JAKARTA – Sampai saat ini karut marut dalam sistim kesehatan belum berhasil di atasi sejak 10 tahun pemerintahan Jokowi hingga pemerintahan Prabowo saat ini. Sehingga sangat beresiko bagi rakyat yang sakit karena negara tidak mampu mengatasi kedaruratan kesehatan.
“Yang berduit bisa punya pilihan berobat ke luar negeri dan selamat. Yang miskin hanya bisa pasrah menunggu ajal,” demikian Roy Pangharapan dari Dewan Kesehatan Rakyat (DKR) di Jakarta, Senin (18/2).
Sementara itu dokter-dokter Indonesia tenggelam dalam kepentingan masing-masing dan tak sanggup memperbaiki kualitas pelayanan dan gagal meningkatkan kemampuan medis.
Sehingga industri kesehatan Indonesia jauh ketinggalan dalam bersaing dengan negara tetangga, termasuk Malaysia dan Singapura.
Warga Indonesia menengah ke atas akhirnya banyak yang memilih berobat ke luar negeri ketimbang negara sendiri.
Negara Malaysia menjadi negara tujuan yang paling banyak didatangi untuk berobat.

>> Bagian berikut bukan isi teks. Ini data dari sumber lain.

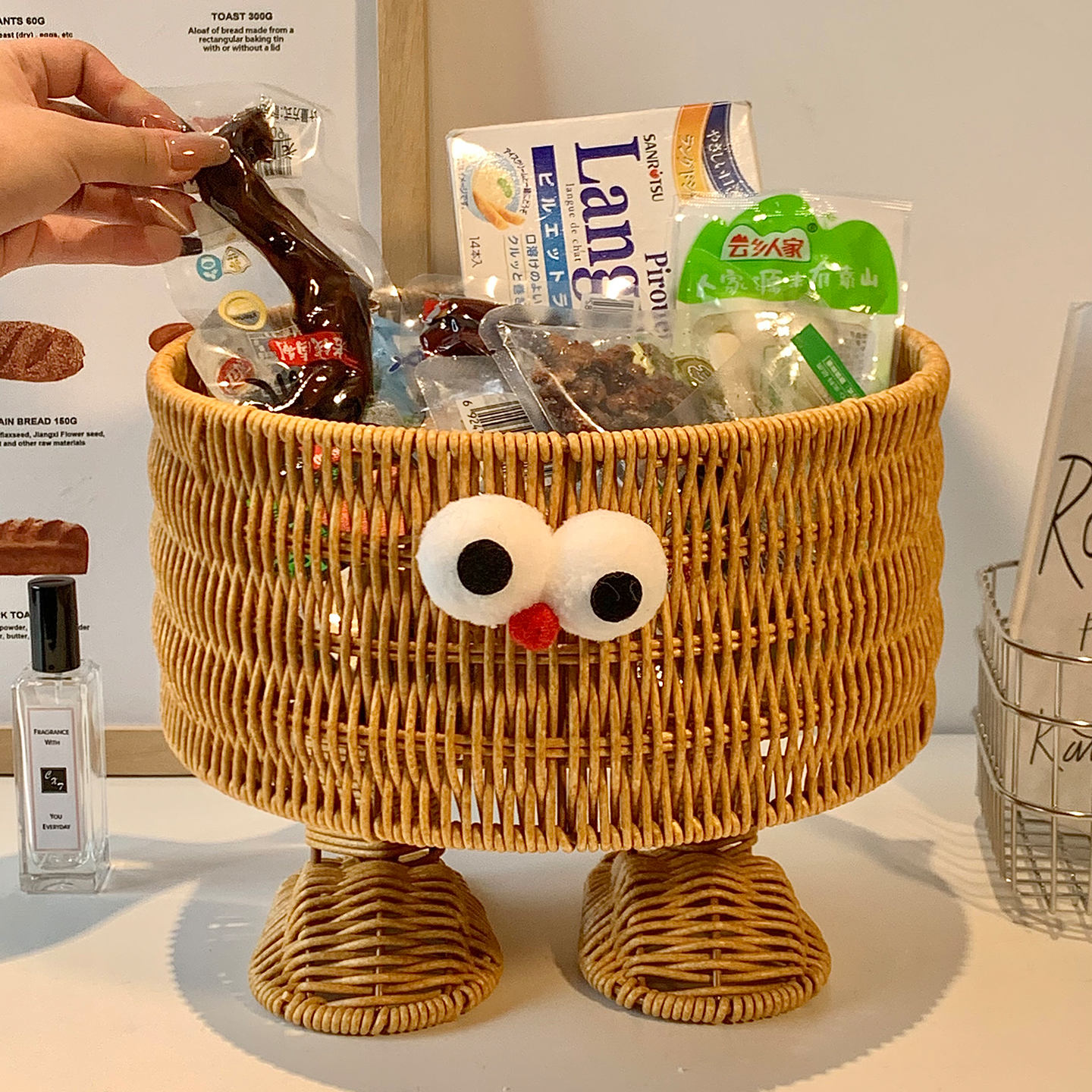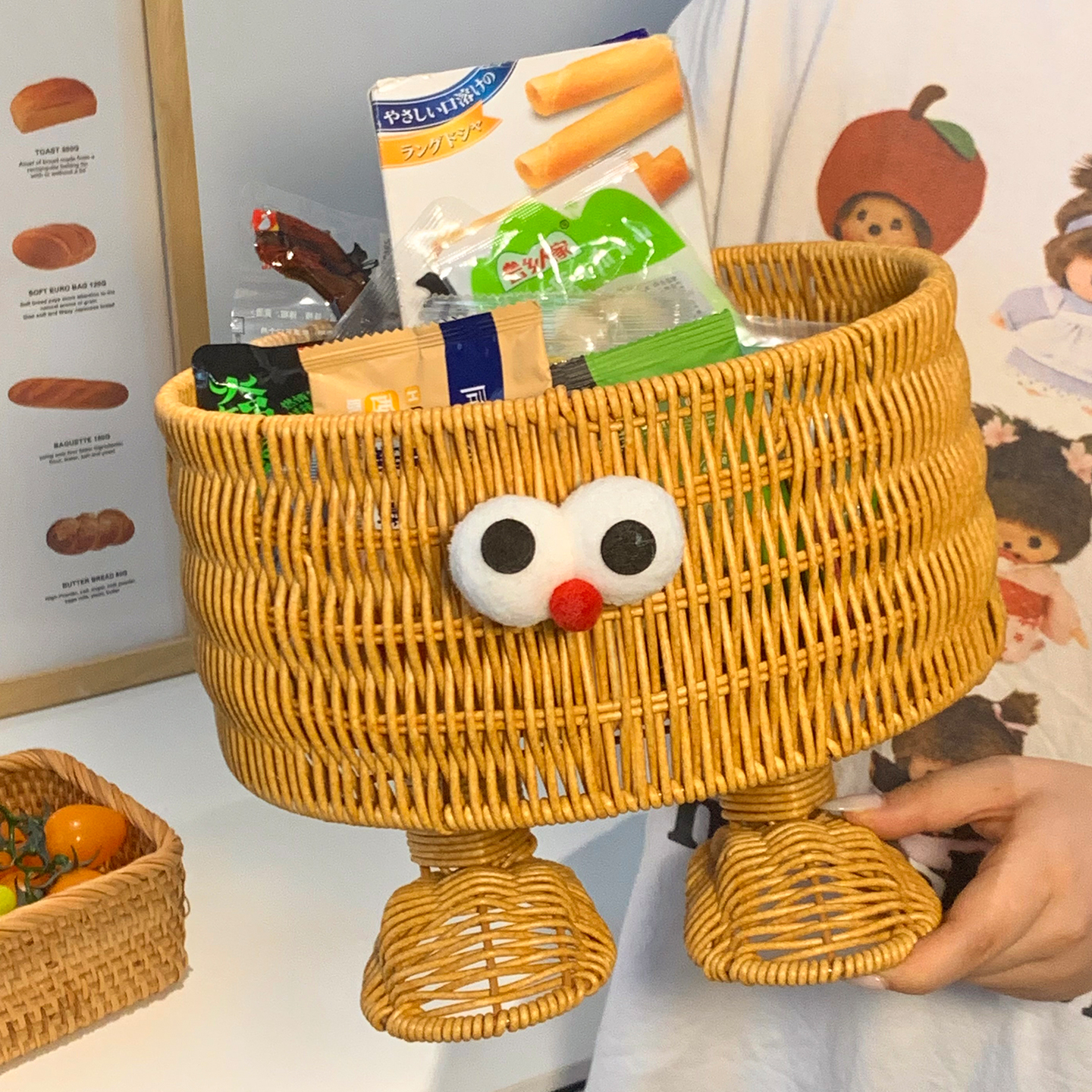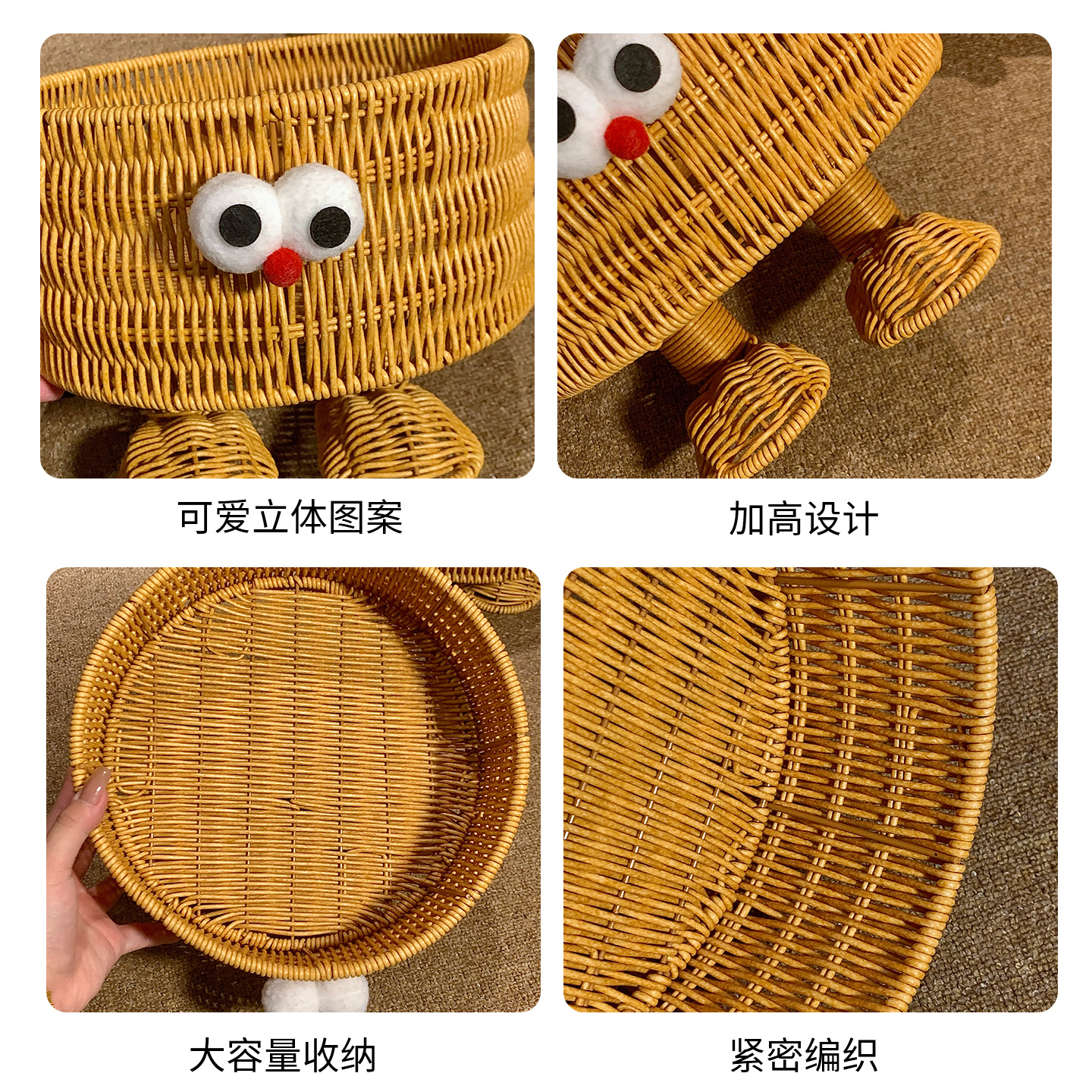 可爱零食藤编收纳筐纯手工水果盘子客厅茶几桌面大容量杂物收纳盒

Bahkan Indonesia kehilangan sekitar Rp180 triliun devisa setiap tahunnya karena banyak warga memilih berobat ke luar negeri.
Selain Malaysia, ada pula negara-negara tujuan populer untuk berobat lainnya seperti Singapura, Jepang, dan Amerika Serikat.
Lebih Murah Di Luar Negeri
Ketua Umum Pengurus Besar Ikatan Dokter Indonesia (PB IDI), dr. Adib Khumaidi menjelaskan, salah satu alasan utama warga Indonesia memilih berobat ke luar negeri adalah karena biaya obat dan transportasi seringkali lebih murah dibandingkan di dalam negeri.
“Kenapa pembiayaan murah? Karena ada kebijakan negara, regulasi negara soal free tax khususnya pelayanan kesehatan kepada masyarakat,” kata dia.
Selain karena obat dan transportasi lebih murah, menurutnya ada kenyamanan pasien dalam melakukan komunikasi dengan dokter.
“Kami sekarang selalu mengatakan kemampuan komunikasi pada dokter di Indonesia harus ditingkatkan, karena salah satu dasar pasien berobat ke luar negeri, berobat ke Malaysia, atau Singapura, itu salah satunya karena faktor komunikasinya yang mereka anggap lebih enak di sana daripada di Indonesia,” lanjut Adib.
Untuk diketahui, jumlah masyarakat Indonesia yang bolak-balik ke luar negeri untuk berobat ada lebih dari 1 juta orang. Indonesia jelas dirugikan dari kondisi ini sebab ada potensi nilai ekonomi yang hilang.
Indonesia memang tertinggal dalam sektor kesehatan. Saat ini, rasio dokter di Indonesia berada di level 0,47 jika dibandingkan dengan jumlah penduduk di Tanah Air.
Mengacu standar Organisasi Kesehatan Dunia (WHO), rasio jumlah dokter, termasuk dokter umum dan spesialis, yang ideal, yaitu 1/1000 atau 1 dokter per 1000 penduduk.
Apabila sebuah negara berhasil memenuhi “golden line” tersebut, maka dapat dikategorikan berhasil dan bertanggung jawab kepada rakyatnya di bidang kesehatan.
Angka terakhir yang didapatkan dari WHO dan World Bank, rasio Indonesia berada di 0,47/1000. Angka ini membawa Indonesia menempati posisi ketiga terendah di ASEAN setelah Laos 0,3/1000 dan Kamboja 0,42/1000.
Jaminan Kesehatan
Roy Pangharapan menyampaikan akar masalah yang mendesak harus diselesaikan adalah memperbaikin sistim pembiayaan kesehatan bagi masyarakat. Menurutnya yang paling mendasar memastikan sistim Jaminan Kesehatan yang melayani semua pembiayaan langsung oleh negara. Sehingga seluruh rakyat mendapatkan pelayanan kesehatan secara cuma-cuma sampai sembuh disetiap rumah sakit pemerintah.
“Sistim ini pernah dijalani dalam program Jamkesmas 2004-2009.jaman Menkes Siti Fadilah. Seluruh rakyat berobat gratis gak pake iuran di RS pemerintah sampai sembuh. Sekarang sih pakai bayar iuran BPJS, gak semua ditanggung. Kalau gak ada duit pasrah,” jelasnya.
Roy mengatakan, tanpa jaminan kesehatan tidak akan merubah sistim kesehatan dan masyarakat hanya korban.
“Sudah merdeka sejak 1945, sampai sekarang gak beres-beres,” ujarnya.